Tullio Treves, born in 1942, is Professor Emeritus at the State University of Milan. He served as Judge at the ITLOS from 1996 to 2011 and later twice as Judge ad hoc. He is a member of the Institut de droit international and of the Curatorium of the Hague Academy of International Law, and arbitrator and counsel in state-to-state and investment disputes. He is also Senior Public International Law Consultant at Curtis, Mallet-Prevost, Colt & Mosle LLP.
David VanderZwaag holds the Canada Research Chair (Tier 1) in Ocean Law and Governance at Dalhousie University, Canada. He teaches international environmental law and serves as the Associate Director of the Marine & Environmental Law Institute. He is currently a member of the IUCN’s World Commission on Environmental Law (WCEL) and Co-chair of the WCEL’s Specialist Group on Oceans, Coasts & Coral Reefs.
He has authored over 150 papers in the marine and environmental law field. His most recent co-edited book publications are: Aquaculture Law and Policy: Global, Regional and National Perspectives (Edward Elgar, 2016); Routledge Handbook of National and Regional Ocean Policies (Routledge, 2015); and Polar Oceans Governance in an Era of Environmental Change (Edward Elgar, 2014).
Michael Wood is a member of the UN International Law Commission, and a Senior Fellow of the Lauterpacht Centre for International Law, University of Cambridge. He is a barrister at 20 Essex Street, London, where he practises in the field of public international law, including before international courts and tribunals. He was Legal Adviser to the UK’s Foreign and Commonwealth Office between 1999 and 2006, having joined as an Assistant Legal Adviser in 1970.
Samuel Wordsworth QC specialises in public international law and international arbitration.

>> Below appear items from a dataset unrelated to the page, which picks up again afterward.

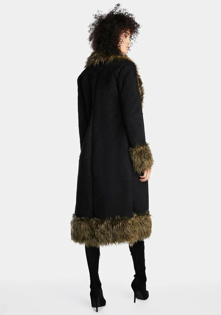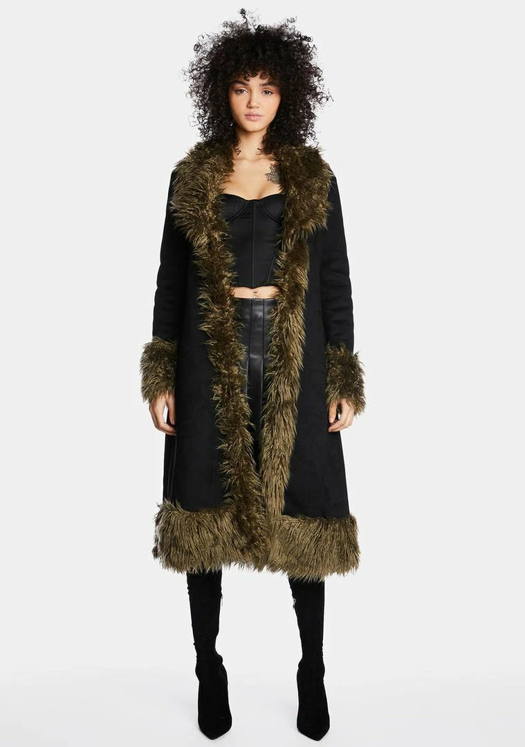 who cares what anyone else thinks? This midi-length jacket has a faux suede construction, faux fur trim, cozy fleece lining, long sleeves, side pockets, and a hook-and-eye closure at front.
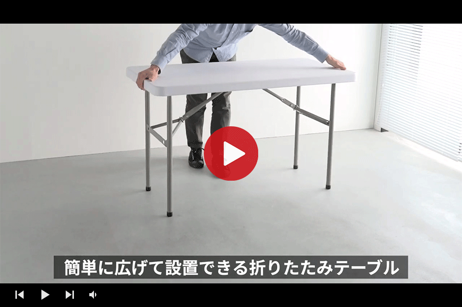 水や油をはじく折りたたみ式の樹脂製天板テーブル。コンパクトに折りたたんで省スペースに収納可能。屋内外どこでも使うことができるデスク。イベントに最適なテーブル。持ち運びしやすい軽量仕様。届いてすぐに使える完成品でのお届け。【WEB限定商品】
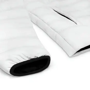 This one comes with a stand-up collar, quilted lining, black cuff lining, and two spacious side pockets for added practicality. Each jacket is lightweight and super soft to the touch. Choose between two zipper color choices: black or dark blue.
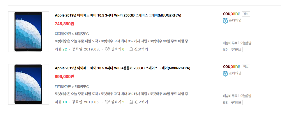 이렇게 32기가는 최저가 약 38만원, 128기가는 최저가 약 50만원입니다. 그럼 에어 3세대는 어떨까요?
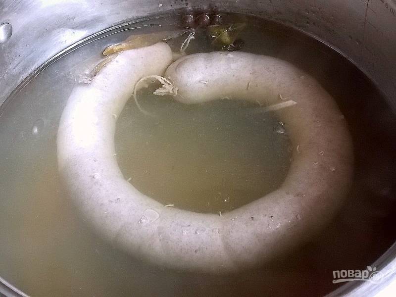 В мультиварку налейте кипяток, посолите, добавьте лавровый лист и душистый перец. Проколите колбасу в нескольких местах зубочисткой. Положите в чашу, установите t=80, закройте крышкой и варите в течение 40 минут.

He is regularly instructed by governments in international cases and regularly appears before international courts and tribunals including the ICJ. He is also a Visiting Professor at King’s College, London. He is or has been instructed as counsel in many investment treaty disputes, and has sat as arbitrator in certain cases.
Instructions in past and current cases of note so far as concerns this Conference include the Gabcikovo-Nagymaros case (for Slovakia), the Kishenganga case (for Pakistan), Certain Activities and Construction of a Road cases (for Costa Rica), and Use of the Waters of the Silala case (for Chile).